Ayez le courage d’affronter la vie, d’affronter votre environnement…

comment devenir courageux

Ayez le courage d’affronter la vie,
d’affronter votre environnement…

Le courage de vivre consciemment

Dans notre monde actuel, nous ne prêtons que peu d’attention à cette vertu qu’est le courage. Le courage est une qualité que nous réservons trop aux seuls soldats, pompiers et militants. La sécurité est ce qui importe le plus aujourd’hui. Peut-être que vous avez appris à éviter à être trop gros ou trop brave. C’est trop dangereux. Ne prenez pas de risques inutiles. N’attirez pas l’attention sur vous-même en public. Suivez les traditions familiales. Ne parlez pas aux étrangers. Gardez un œil sur les personnes suspectes. Restez bien en sécurité.

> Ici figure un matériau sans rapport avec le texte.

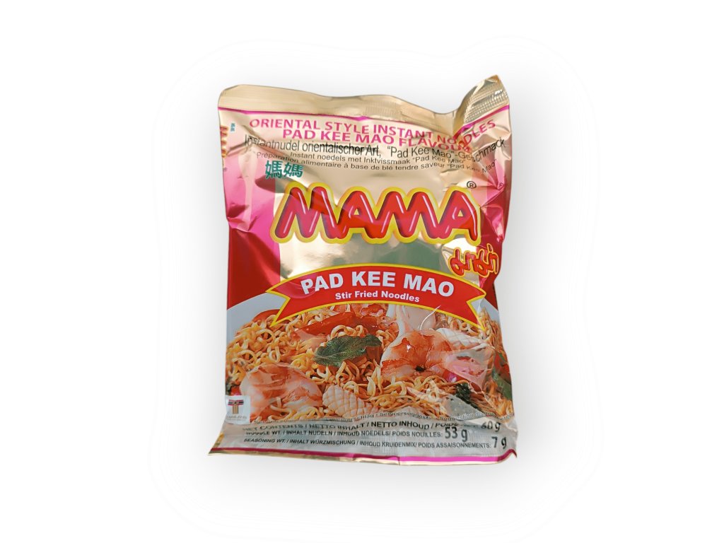MAMA Pad Kee Mao přináší autentickou chuť thajských smažených nudlí s mořskými plody, jemně pikantní a aromatické díky kombinaci česneku, chilli a bazalky. Jemné pšeničné nudle se po zalití a promíchání spojí s kořenící směsí a olejem, čímž vznikne vyvážená chuť sladká, slaná a pikantní. Ideální pro rychlý oběd, večeři nebo lahodnou svačinu doma.
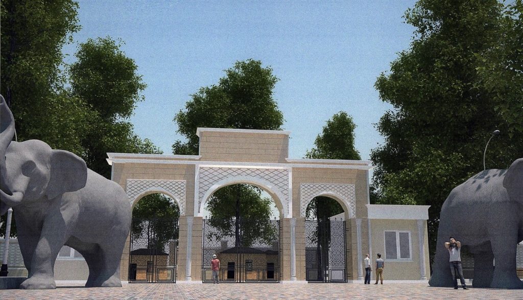Об этом сообщает официальный сайт города. По плану новый вход в одесский зоопарк будет представлять собой каменный портал с тремя арочными проходами и решетчатыми стальными створчатыми воротами. Со стороны Преображенского парка к проходу будут примыкать два одноэтажных павильона, а перед ним собираются установить скульптуры трехметровых азиатских слонов на постаментах.

Mais, il y a un effet secondaire à trop insister sur l’importance de la sécurité personnelle dans la vie, car elle vous oblige à vivre de manière réactive. Au lieu de fixer vos propres objectifs, de faire des plans pour les atteindre, et de les poursuivre avec brio, vous jouez la sécurité. Continuez de travailler à votre emploi stable, même s’il ne vous satisfait pas. Restez dans cette relation insatisfaisante, même si vous vous sentez mourir par rapport à la passion que vous aviez autrefois. Qui êtes-vous pour penser que vous pouvez inverser le système ? Acceptez votre sort dans la vie, et faites-en ce que vous pouvez de mieux. Suivez le courant, et ne faites pas tanguer le bateau. Votre seul espoir est que les courants de la vie vous amèneront dans une direction favorable.

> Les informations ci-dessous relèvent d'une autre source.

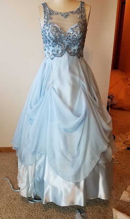 pinning up the top layer of the skirt
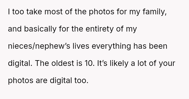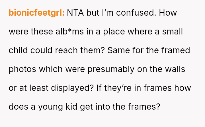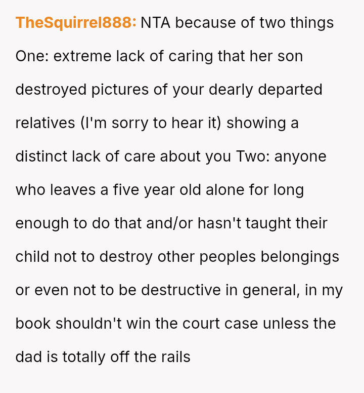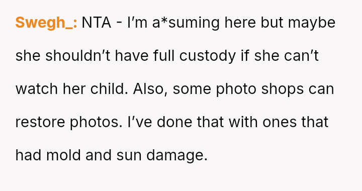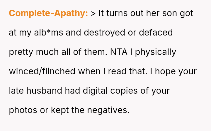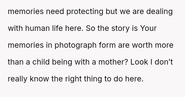 The original poster is grappling with a severe emotional loss triggered by the destruction of irreplaceable family photographs by their friend's young son.

Sans doute qu’il existe de réels dangers dans la vie que vous devez éviter. Mais il y a un énorme fossé entre la témérité et le courage. Je ne parle pas du courage héroïque nécessaire pour risquer votre vie afin de sauver quelqu’un d’un immeuble en feu. Par le courage, que je veux dire la capacité à affronter vos craintes imaginaires pour récupérer cette vie bien plus puissante dont vous vous êtes vous-même privé. Peur de l’échec. Peur du rejet. Peur de se ruiner. La peur d’être seul. Peur de l’humiliation. Peur de parler en public. La peur d’être banni par la famille et les amis. La peur de l’inconfort physique. La peur des regrets. Peur de la réussite.

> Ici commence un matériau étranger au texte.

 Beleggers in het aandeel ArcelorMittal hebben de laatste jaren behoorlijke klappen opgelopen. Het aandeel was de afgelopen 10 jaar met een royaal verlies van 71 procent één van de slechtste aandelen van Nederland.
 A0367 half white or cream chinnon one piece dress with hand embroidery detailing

Combien de ces craintes vous retiennent-elles ? Comment vivriez-vous si vous n’aviez pas peur du tout ? Vous auriez encore toute votre intelligence et tout votre bon sens pour naviguer en toute sécurité autour des dangers réels, mais sans sentir l’émotion de la peur, seriez-vous alors plus disposés à prendre des risques, en particulier lorsque le pire des cas ne vous blesserait en réalité pas du tout ? Parleriez-vous plus fort plus souvent, parleriez-vous à plus d’étrangers, feriez-vous plus de ventes, plongeriez-vous à tête baissée dans ces projets ambitieux dont vous avez toujours rêvé ? Que feriez-vous si vous aviez même appris à apprécier les choses qui vous effraient aujourd’hui ? Quel genre de différence cela ferait-il dans votre vie ?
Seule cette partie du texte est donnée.